• Your objective: Any pictures in the records below must be left out when you repeat the lines from the line containing "漫画の熊のカップルのパジャマ" through the line containing "Конструкція качелі включає" exactly.

(Information shown begins)

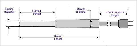 90-0012-01(11SC-1):很受歡迎的一款筆式汞燈。其簡(jiǎn)單的物理尺寸適合于多種應(yīng)用。 燈的點(diǎn)亮長(zhǎng)度為2.12"(53.8毫米),總長(zhǎng)度為4.62"(117.3毫米)。 燈發(fā)出的光譜能量主要集中在254nm。該標(biāo)定電壓800V(起點(diǎn))和270V(運(yùn)行)。 推薦電源99-0055-01(或99-0055-02)。 90-0019-01(11SC-1L):是11SC-1的長(zhǎng)波版本。所有屬性是相同的,除了石英管套有一個(gè)藍(lán)色濾色器,以吸收可見光,增大點(diǎn)燃長(zhǎng)度到2.25"(57.2毫米)和擴(kuò)大外徑0.375"(9.5毫米)。主要排放是365nm(長(zhǎng)波)由254nm的轉(zhuǎn)換功率。 推薦電源99-0055-01(或99-0055-02)。 90-0020-01(11SC-2):較短的點(diǎn)亮長(zhǎng)度(0.75",19.1毫米)為11SC-1受限制版本,其他所有屬性都是相同的, 標(biāo)定電壓800V是(啟動(dòng))和270V(運(yùn)行),推薦電源99-0055-01(或99-0055-02) 90-0004-01(3SC-9):很受歡迎的大型筆式燈,點(diǎn)亮長(zhǎng)度為9.0"(228.6毫米),外徑為0.375"(9.5mm)。 燈常用于光反應(yīng)和臭氧產(chǎn)量。光譜能量主要集中在254nm。 標(biāo)定電壓為640V(起點(diǎn))和560V(運(yùn)行)。推薦電源:115V 99-0055-01或99-0004.02 220V。
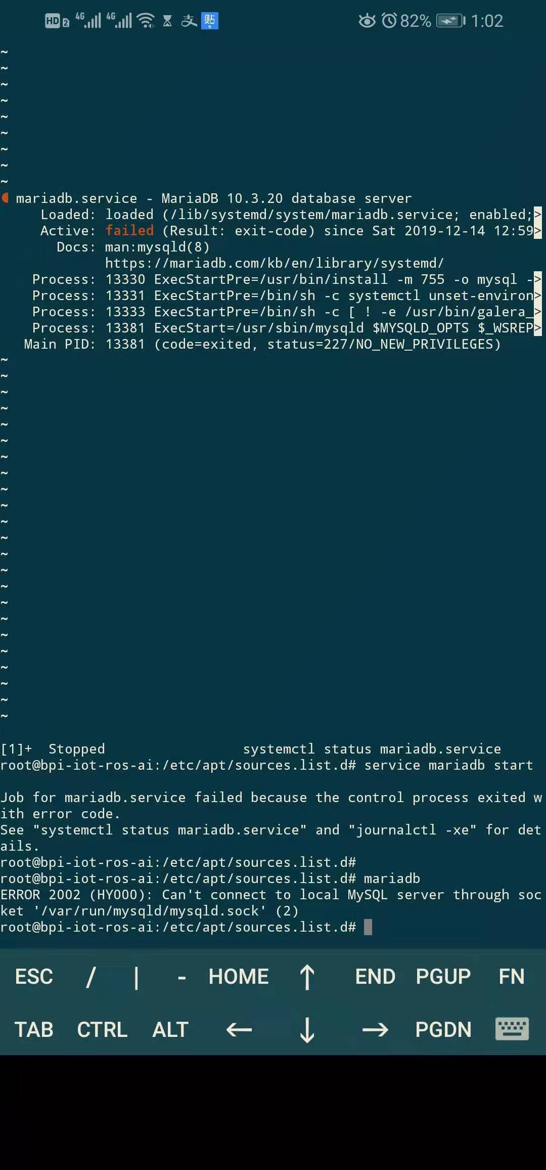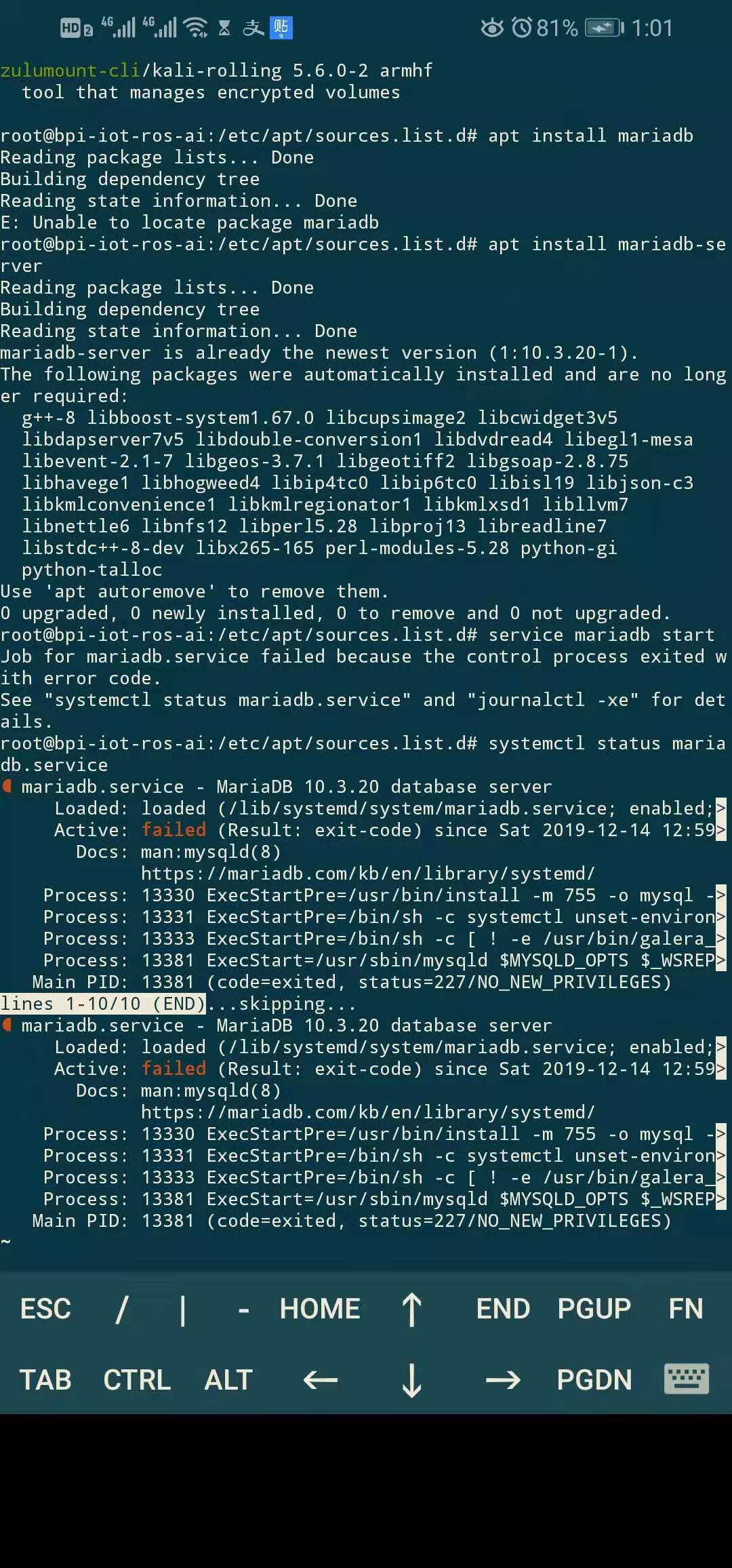 Process: 19440 ExecStartPre=/usr/bin/install -m 755 -o mysql -g root -d /var/run/mysqld (code=exited, stat>
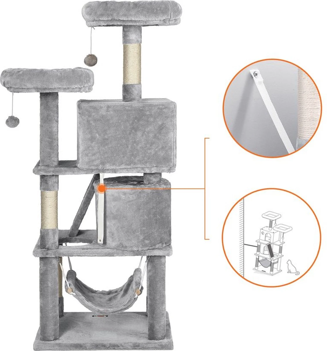 Dit is geen droom. 2 knuffelgrotten, 2 uitkijkplatforms, 1 hangmat, met klimgat en krabplank – deze krabpaal (60 x 50 x 155 cm) wordt je nieuwe thuis!
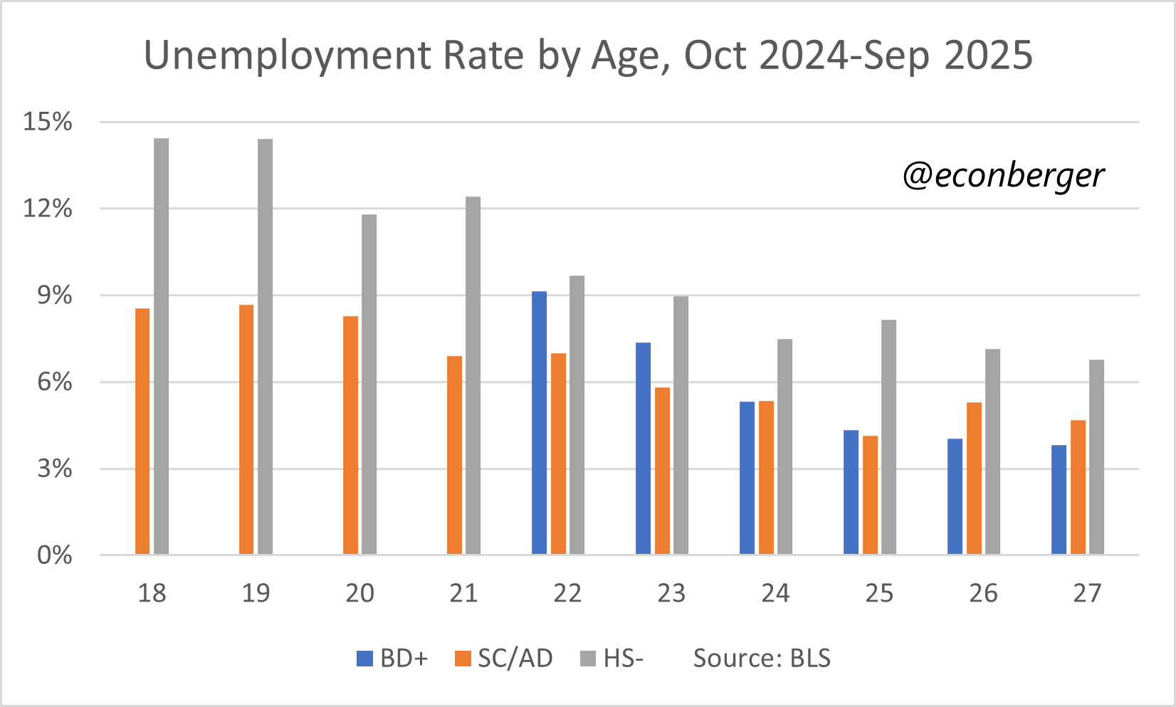 But this piece is about something slightly different: proper measurement of labor market outcomes across different educational attainment subgroups of the same age. To give an obvious example, compare a 22 year old who just finished their bachelor’s degree to one who finished high school 4 years earlier. The college grad is much more likely to be starting their career at that age. And that may almost certainly means more vulnerability to an adverse hiring environment (like the present).
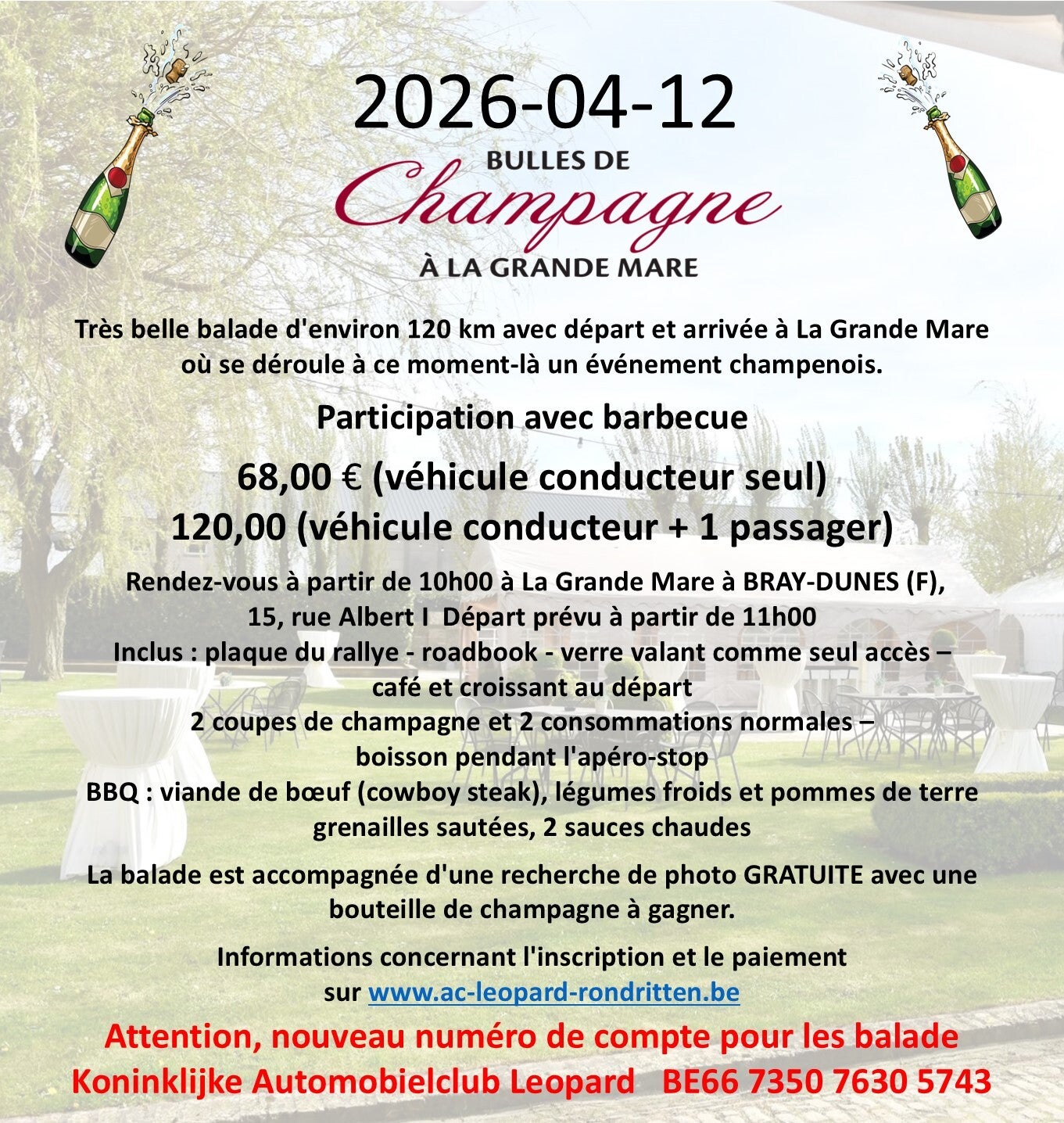 Inscription et paiement avant le 8 Avril 2026 au BE66 7350 7630 5743 au nom de Koninklijke Automobielclub Leopard vzw
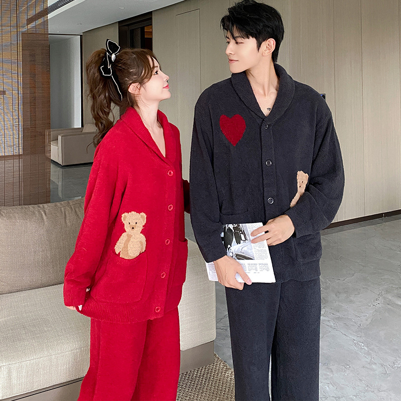 漫画の熊のカップルのパジャマの女性の半分の絨毯の秋冬の新型の赤いカーディガンの男性の保温はスーツを着ることができます。
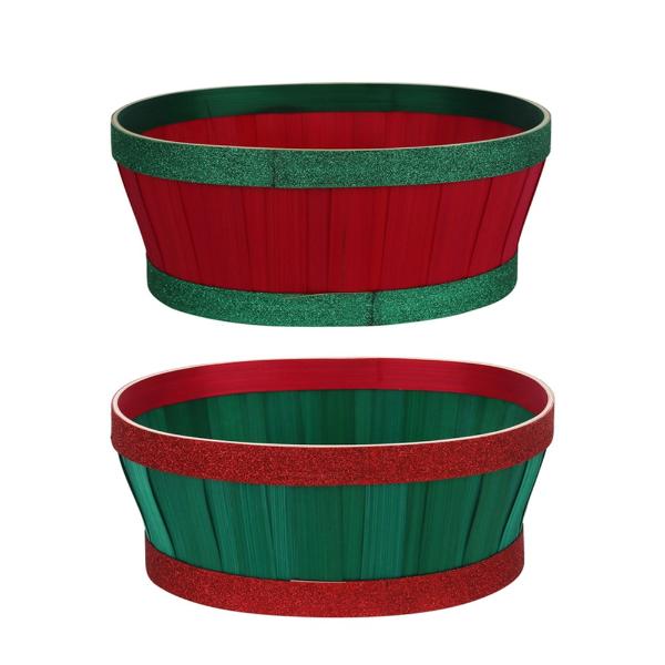 21 in stockRed & Green Rectangular Basket - 38cm x 24cm x 8.5cm
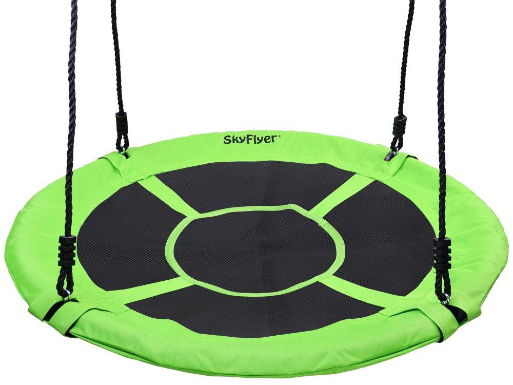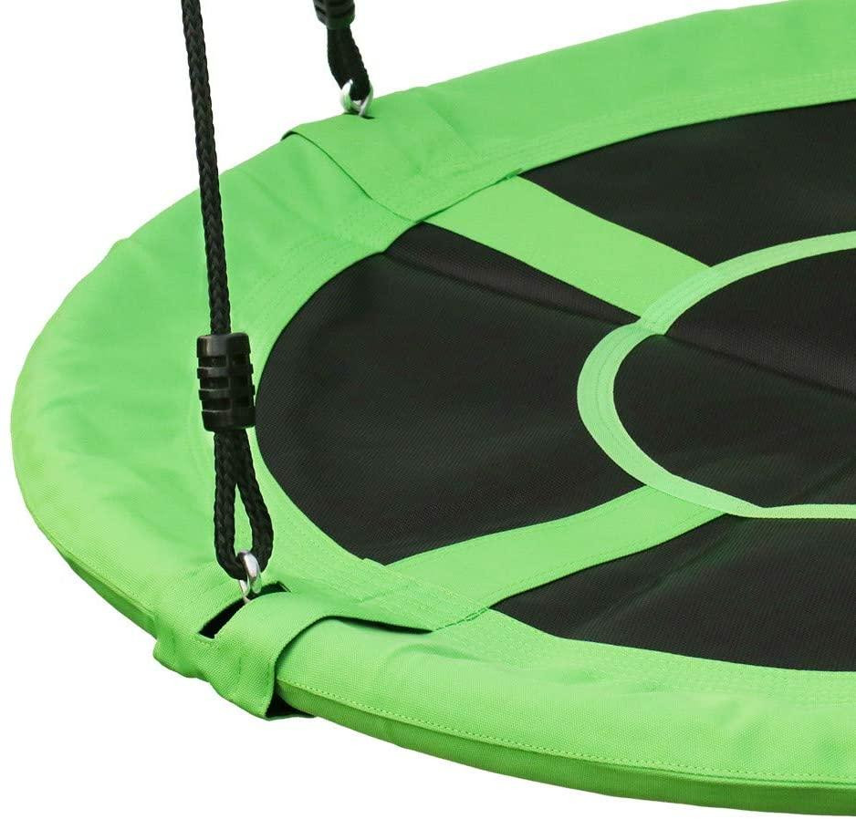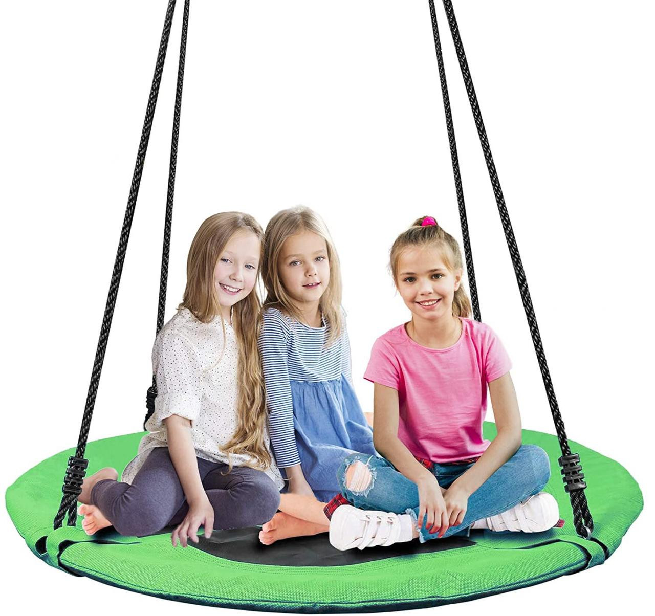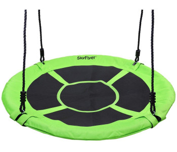 Конструкція качелі включає сталевий каркас діаметром 100 см, покритий для безпеки і комфорту спеціальною піною і основу з надміцного матеріалу (600D OXFORD). Канати регулюються по довжині в межах 140-180 см. Вони виготовлені з нейлону діаметром 10 мм, стійкі до зміни погодніх умов, а отже гойдалки можна залишати на дворі в дощ і сніг.
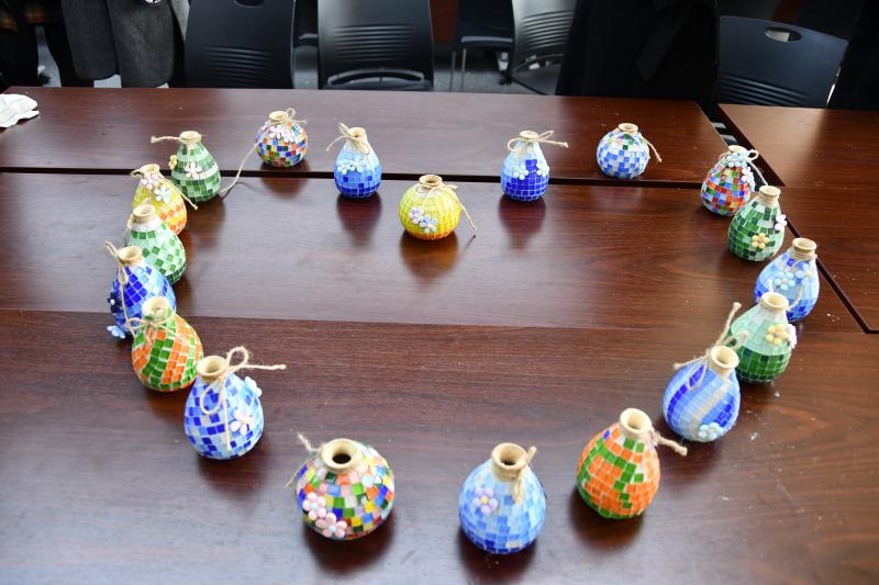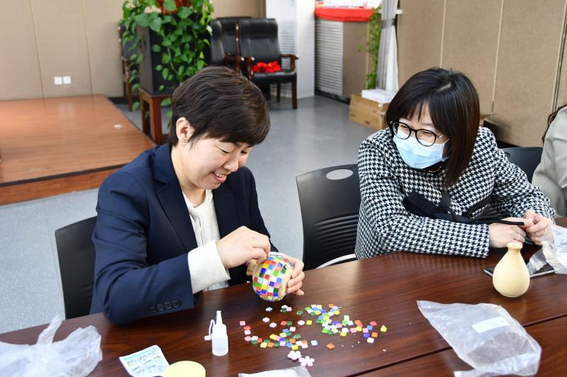 表彰會(huì)后,女職工們開(kāi)展了“巧手慧心——瓶添樂(lè)趣”為主題的創(chuàng)意花瓶DIY活動(dòng)。根據(jù)馬賽克圖案與素色花瓶,巧妙地將藝術(shù)、創(chuàng)意、趣味等眾多元素融合在一起,讓女職工們?cè)诨ㄆ可习l(fā)揮自己的想象力,拼貼出獨(dú)一無(wú)二的特色花瓶。美好的時(shí)光總是讓人覺(jué)得短暫,短短一個(gè)半小時(shí),一個(gè)個(gè)創(chuàng)意花瓶出爐。大家對(duì)自己親手制作的精美花瓶充滿了成就感,也紛紛進(jìn)行了作品之間的點(diǎn)贊互評(píng)。通過(guò)本次活動(dòng),不僅讓廣大女職工們體會(huì)到創(chuàng)作過(guò)程的樂(lè)趣及得到成品后的滿足感,還營(yíng)造了慶?!叭恕眿D女節(jié)的濃厚氛圍,增進(jìn)了女職工之間的感情,進(jìn)一步推動(dòng)了企業(yè)文化建設(shè)工作。

(Information shown ends)

• Exercise solution:
 漫画の熊のカップルのパジャマの女性の半分の絨毯の秋冬の新型の赤いカーディガンの男性の保温はスーツを着ることができます。
 21 in stockRed & Green Rectangular Basket - 38cm x 24cm x 8.5cm
 Конструкція качелі включає сталевий каркас діаметром 100 см, покритий для безпеки і комфорту спеціальною піною і основу з надміцного матеріалу (600D OXFORD). Канати регулюються по довжині в межах 140-180 см. Вони виготовлені з нейлону діаметром 10 мм, стійкі до зміни погодніх умов, а отже гойдалки можна залишати на дворі в дощ і сніг.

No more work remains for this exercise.